Instructions to follow
Starting at the line holding "1867. p. 2." and finishing at the line holding "课堂上,蔡思甜老师围绕装饰工", transcribe the material exactly, keeping both ends but no pictures.

== Excerpted data ==

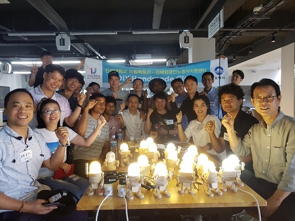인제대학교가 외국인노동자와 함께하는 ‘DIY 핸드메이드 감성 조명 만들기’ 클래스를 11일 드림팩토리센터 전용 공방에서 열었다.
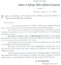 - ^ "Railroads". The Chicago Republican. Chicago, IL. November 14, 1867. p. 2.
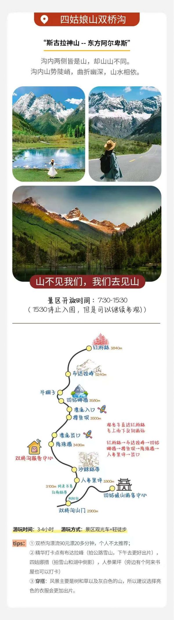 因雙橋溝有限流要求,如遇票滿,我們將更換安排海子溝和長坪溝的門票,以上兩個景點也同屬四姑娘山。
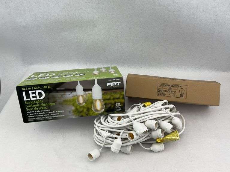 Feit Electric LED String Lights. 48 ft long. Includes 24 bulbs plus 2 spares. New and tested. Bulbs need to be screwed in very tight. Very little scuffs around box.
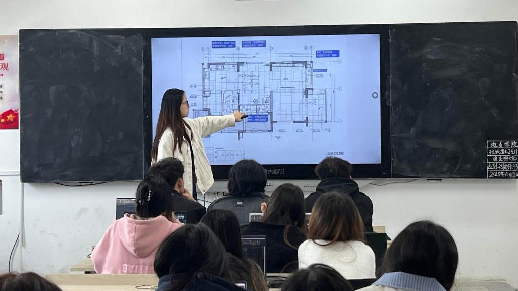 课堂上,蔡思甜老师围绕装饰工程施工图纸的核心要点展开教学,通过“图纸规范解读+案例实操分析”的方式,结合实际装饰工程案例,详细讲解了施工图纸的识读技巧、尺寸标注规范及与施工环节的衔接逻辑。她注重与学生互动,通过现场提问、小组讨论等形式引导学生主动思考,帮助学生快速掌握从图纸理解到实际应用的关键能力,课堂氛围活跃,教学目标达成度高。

===
== Excerpted data ==

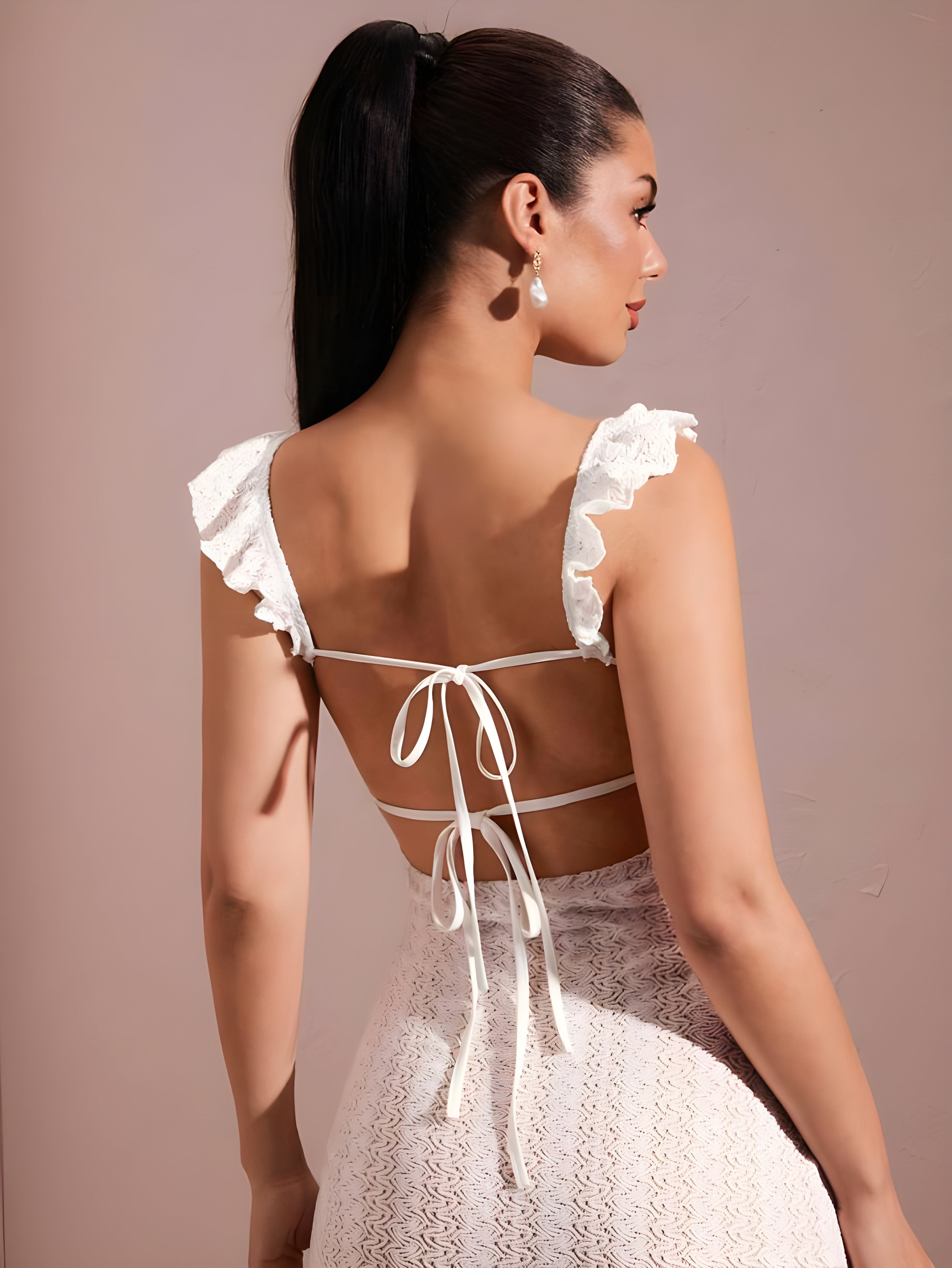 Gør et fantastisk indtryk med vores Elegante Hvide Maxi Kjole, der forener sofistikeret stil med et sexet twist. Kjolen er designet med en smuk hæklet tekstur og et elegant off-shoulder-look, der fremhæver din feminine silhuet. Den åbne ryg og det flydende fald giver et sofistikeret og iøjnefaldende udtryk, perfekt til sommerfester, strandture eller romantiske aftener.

===
== Excerpted data ==

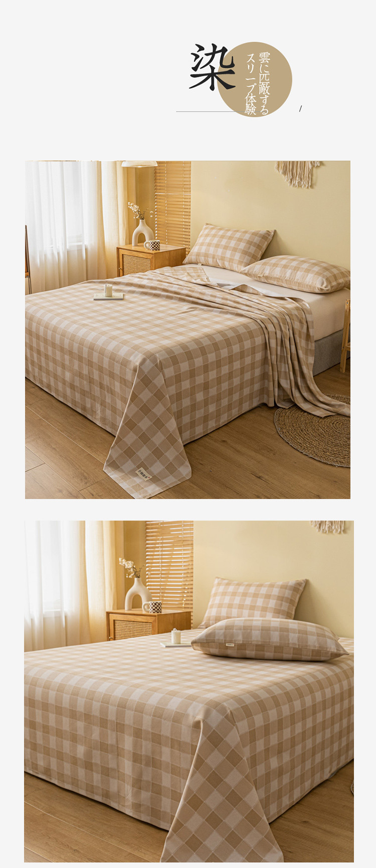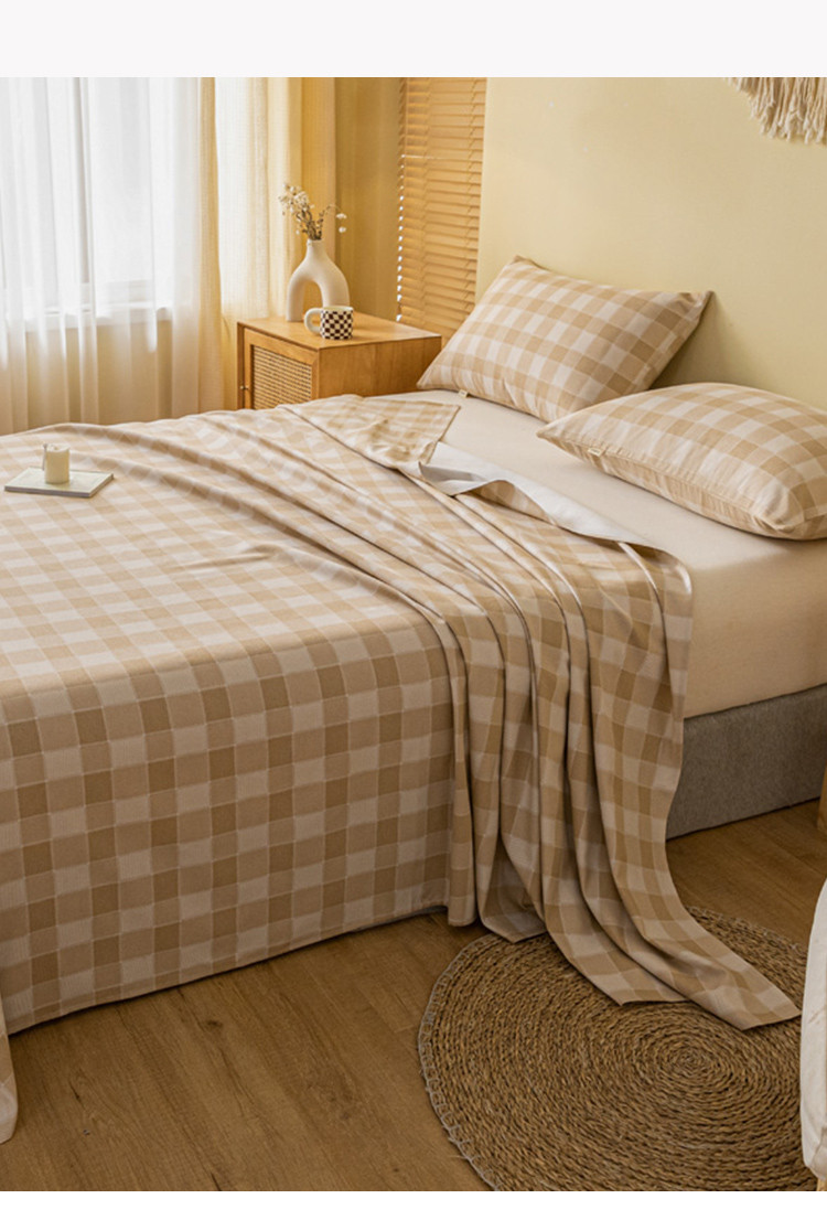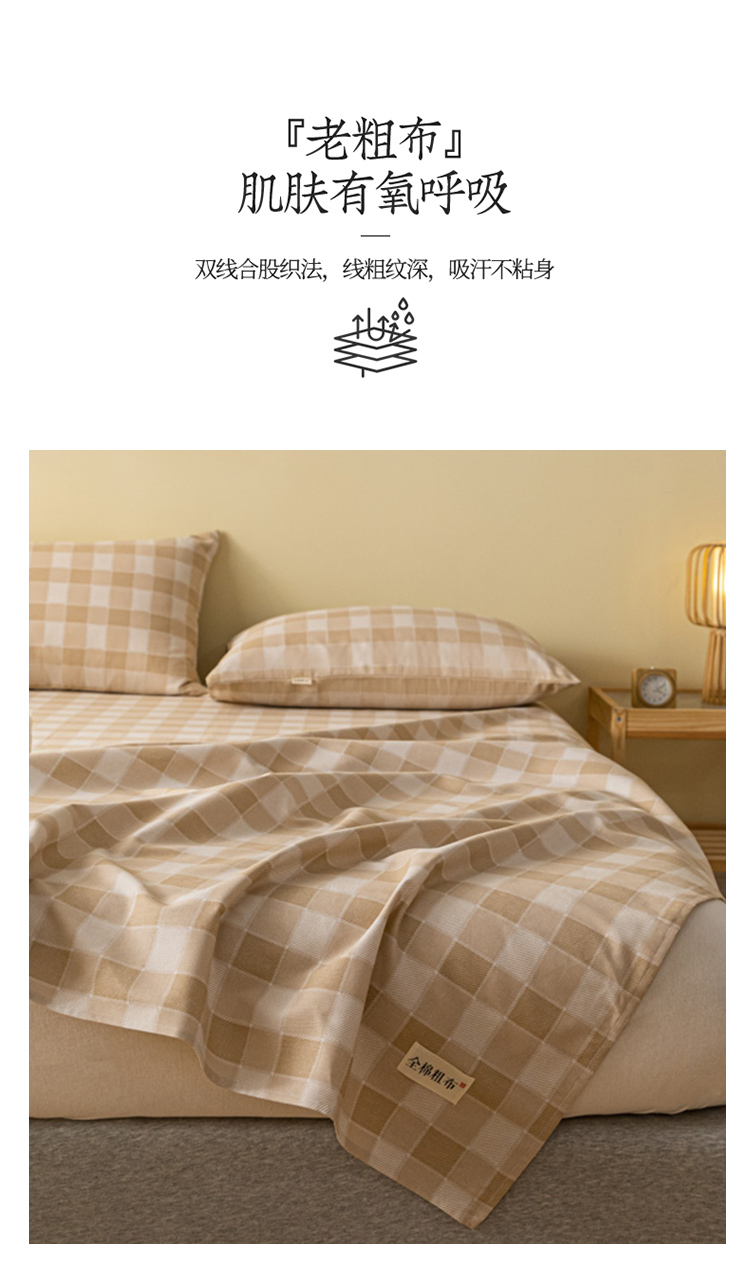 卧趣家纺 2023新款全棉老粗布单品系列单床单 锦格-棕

===

Output for this task
 - ^ "Railroads". The Chicago Republican. Chicago, IL. November 14, 1867. p. 2.
 因雙橋溝有限流要求,如遇票滿,我們將更換安排海子溝和長坪溝的門票,以上兩個景點也同屬四姑娘山。
 Feit Electric LED String Lights. 48 ft long. Includes 24 bulbs plus 2 spares. New and tested. Bulbs need to be screwed in very tight. Very little scuffs around box.
 课堂上,蔡思甜老师围绕装饰工程施工图纸的核心要点展开教学,通过“图纸规范解读+案例实操分析”的方式,结合实际装饰工程案例,详细讲解了施工图纸的识读技巧、尺寸标注规范及与施工环节的衔接逻辑。她注重与学生互动,通过现场提问、小组讨论等形式引导学生主动思考,帮助学生快速掌握从图纸理解到实际应用的关键能力,课堂氛围活跃,教学目标达成度高。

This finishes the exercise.